Однажды возвращаюсь из медсанбата, подходит ко мне офицер: «Товарищ младший лейтенант, вас вызывает председатель трибунала подполковник Дедов». Затащили меня туда. Председатель мне говорит: «Будешь народным заседателем на суде». — «Я же сам только вышел!» — «Ничего». Поймали еще одного, такого же, как и я, офицера, и вот мы исполняли обязанности народных заседателей. Судили двоих — ни за что ни про что. Я после заседания сказал, что протоколы не подпишу, потому что в первом случае стояли двое часовых на складах, и одного часового убили, другой остался живой. Кто-то стрелял. Так того обвинили, что он убил. Причем никаких доказательств его вины не было.
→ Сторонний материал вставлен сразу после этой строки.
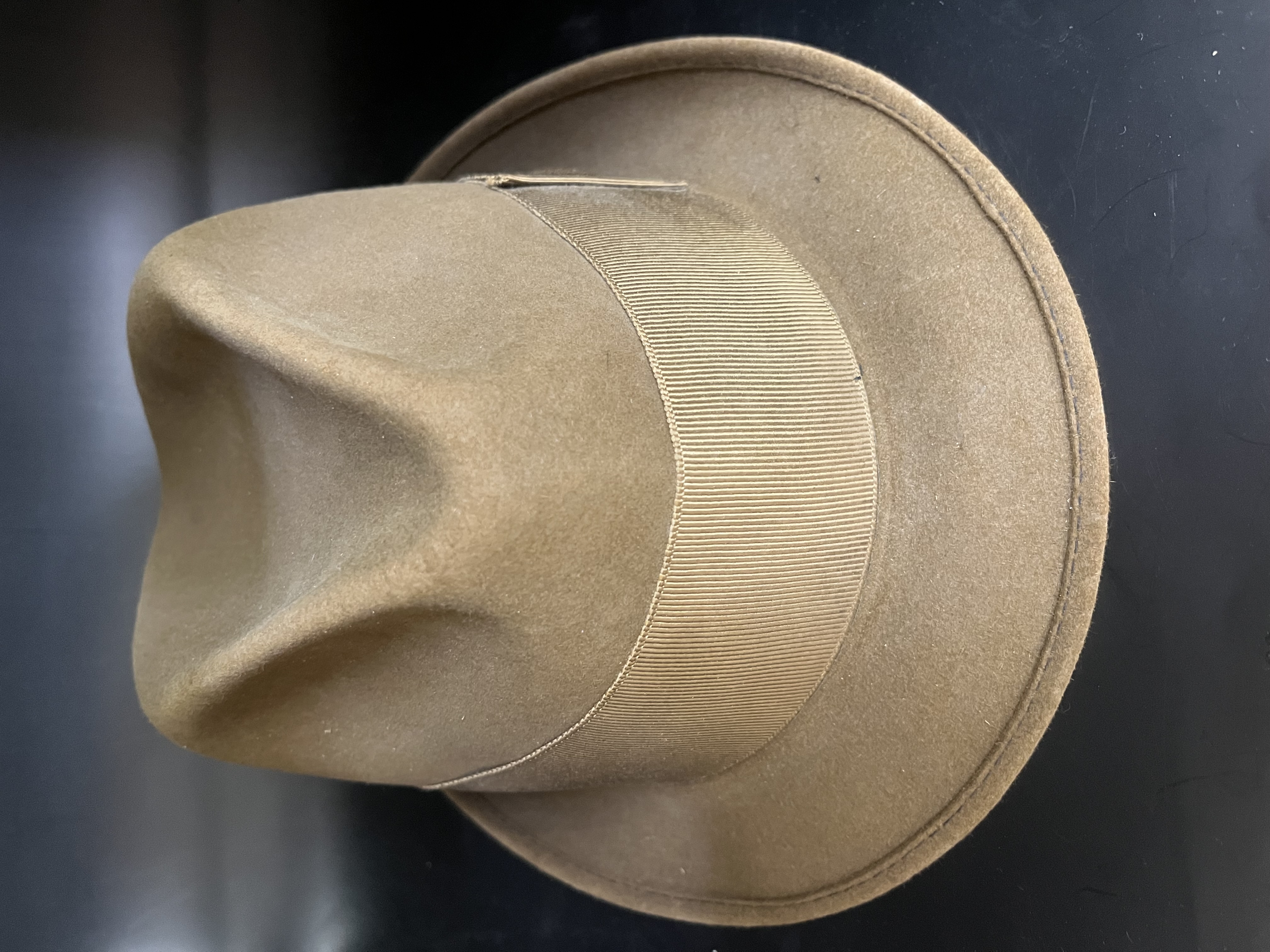 - 1940s Men's Hat that belonged to John Thomas Dillard that he bought at Stanley's Men Shop that was located on E. Poinsett Street

Мне говорят: «Подпиши, его в штрафной батальон отправим». — «Нет, не подпишу». А другой парень был с Западной Украины, и когда немцы были там, то крестьян сгоняли: «Бери лошадь, вези камень, делай то-то». Когда наши освободили территорию, его призвали в армию, и он кому-то рассказывал, как немцы заставляли его что-то возить. Ему пришили, что он служил у немцев, и присудили к расстрелу с заменой штрафным батальоном. Там же все население работало! Он же с немцами не ушел! За что же его судить?! Ведь тогда и меня надо судить! Я же, по сути, сам у немцев на железной дороге работал! В общем, все непросто было. Меня же тоже потаскали, но я ни одной минуты не обижался на саму контрразведку.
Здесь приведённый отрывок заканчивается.